The Future of Business Events

Author: Deborah Sexton       

Take a glance at this year’s Meetings Industry Forecast, and you’ll see the future looks bright for business events. Exhibitions will continue to grow, perhaps by up to 3 percent next year. RevPAR — already on a seven-year growth spurt — will continue to increase, although perhaps more modestly. And global business-travel spending is slated to rise by 6 to 7 percent in the next few years. (As always, these projections are dependent on stable economies, governments, and travel policies.)

As you dig deeper into the data and expert opinions this year’s forecast has brought together, one of the most interesting storylines is the role of technology. Of course, you don’t need a crystal ball to tell you that technology will have a profound impact on business events of the future, but this year’s forecast includes more on how high-tech advancements will help event stakeholders make connections and improve the live experience, aid them in their quest to get to know attendees even more (and improve their bottom line), and alleviate common travel woes. As Marco Giberti, author of The Face of Digital: How Digital Technologies Are Changing the $565-Billion Events Industry, tells us: “I think that finally organizers realize that event tech is a critical part of their business and a key growth opportunity, and not just a ‘nice thing to do.’”

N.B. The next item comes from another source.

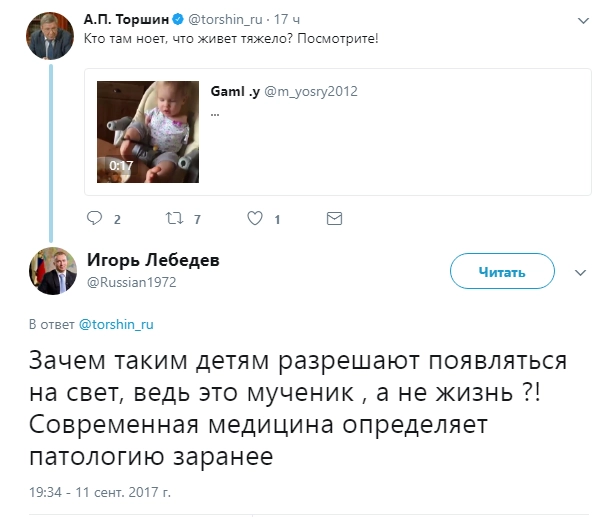 На видео откликнулся его подписчик — зампредседателя Госдумы Игорь Лебедев, который заявил, что детям с инвалидностью лучше не рождаться.
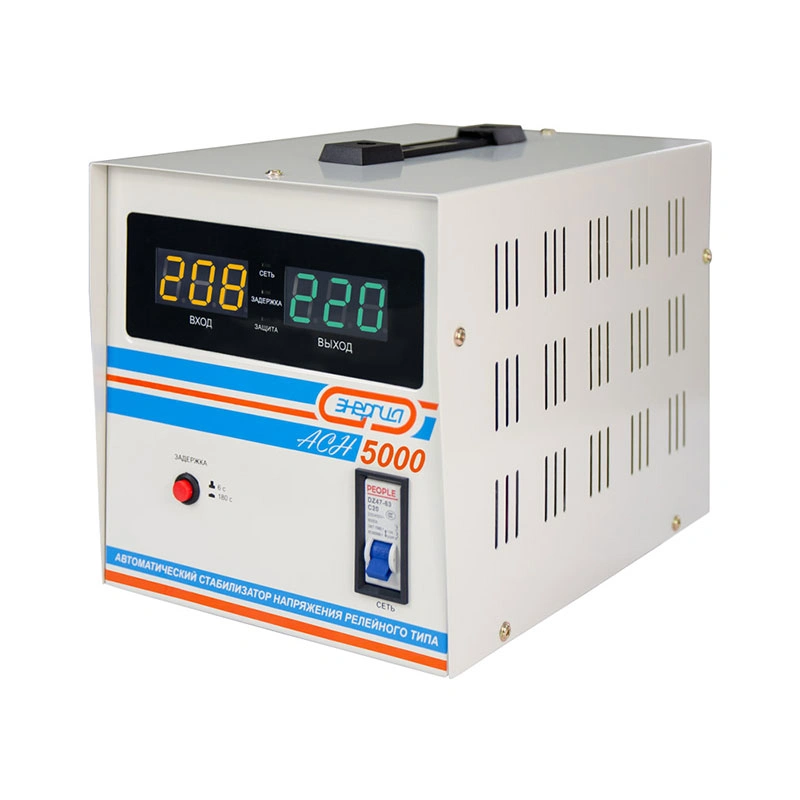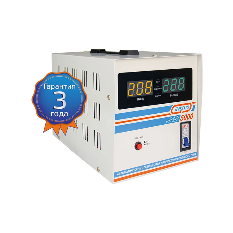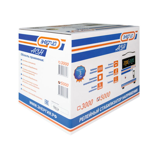 Релейный однофазный стабилизатор напряжения переменного тока предназначен для стабилизации переменного напряжения в сети электроснабжения для потребителей бытового и аналогичного назначения. Изделие относится к классу автотрансформаторных стабилизаторов со ступенчатым регулированием напряжения путем переключения отводов силового автотрансформатора с помощью электромеханических силовых реле, таким образом стабилизаторы Энергия АСН регулируют напряжение по релейному принципу.

At the same time, a theme that recurs is how technological advances have increased people’s desire for human connections. After all, isn’t that one of the key reasons — or the reason — people value face-to-face events? It’s the eye contact, the handshake, the nod of the head, and sometimes just the sheer gathering of people in one room from different places and maybe different walks of life. And it’s up to us to preserve — even capitalize on — the human touch at our events.

This doesn’t just fall to event organizers. Hotels, airlines, and other travel- industry players need to recognize this, too. “Hotel investment in more technology will not necessarily create better experiences,” according to A.J. Singh, Ph.D., a professor at Michigan State University’s School of Hospitality Business. “Look for companies that recognize this fact and are investing in staff training to have a more emotional and empathetic connection with the guest — in other words, increasing the human-interaction quotient in hospitality.”

One more story on the technology front: All the advancements we’ve seen have increased concerns about privacy and security. As event-technology guru Corbin Ball notes in our forecast: “Hackers will almost inevitably target some events via an online registration system and/or a mobile event-related app (likely an Android version) in the near future.”

At this point, “to have technology or not to have technology” is not the question. Rather, it’s a matter of balancing the benefits of high-tech with the benefits of human touch. When we find that balance, that’s when our business events will truly shine.